- [Task prompt] Output exactly the lines below from the one containing "containing one round" to the last line, both included. Omit pictures.

- [Recorded data]
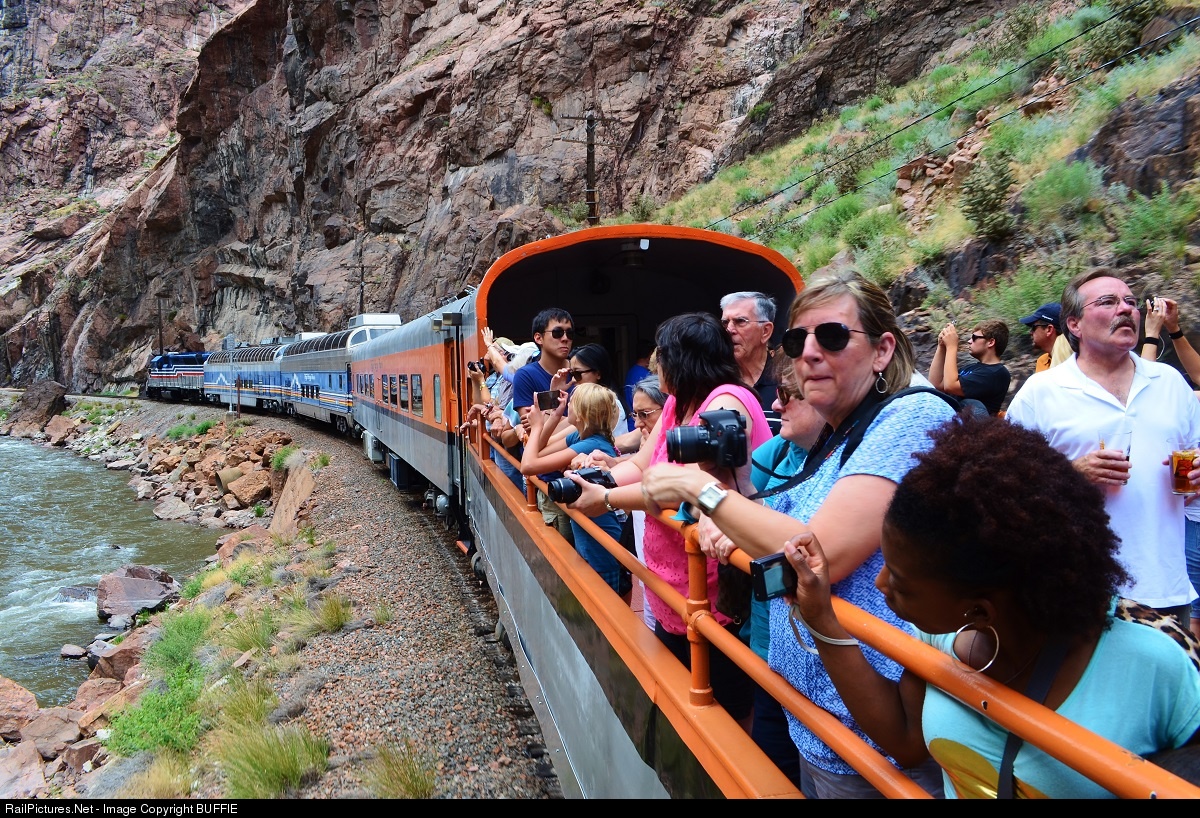 | One of the unique features of the Royal Gorge Railroad is the open cars, allowing passengers to take photos of the wonderful scenery as the train passes through the Royal Gorge on the old Tennessee Pass line. |
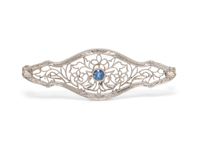 containing one round mixed cut sapphire measuring approximately 2.50 mm in diameter with filigree and engraved detail.
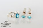 Серёжки и кольцо из серебра с золотом и светло-голубыми камнями
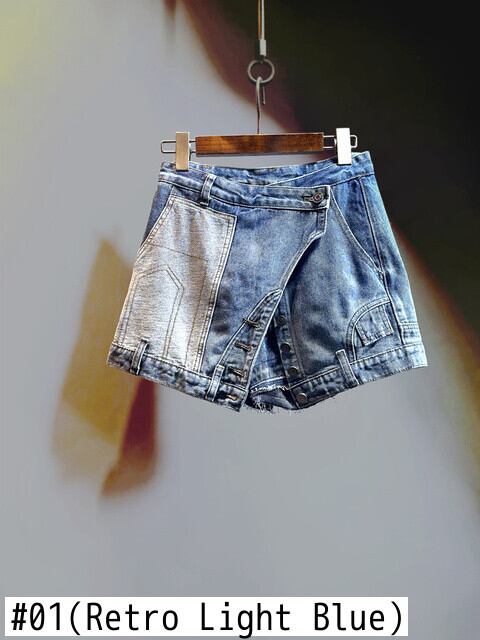[EWQ] ウエストラップヒップデニムスカート不規則パッチワークフェイクツーピースシックボタンミニスカート夏潮 サマー 夏物

- [Response]
 containing one round mixed cut sapphire measuring approximately 2.50 mm in diameter with filigree and engraved detail.
 Серёжки и кольцо из серебра с золотом и светло-голубыми камнями
[EWQ] ウエストラップヒップデニムスカート不規則パッチワークフェイクツーピースシックボタンミニスカート夏潮 サマー 夏物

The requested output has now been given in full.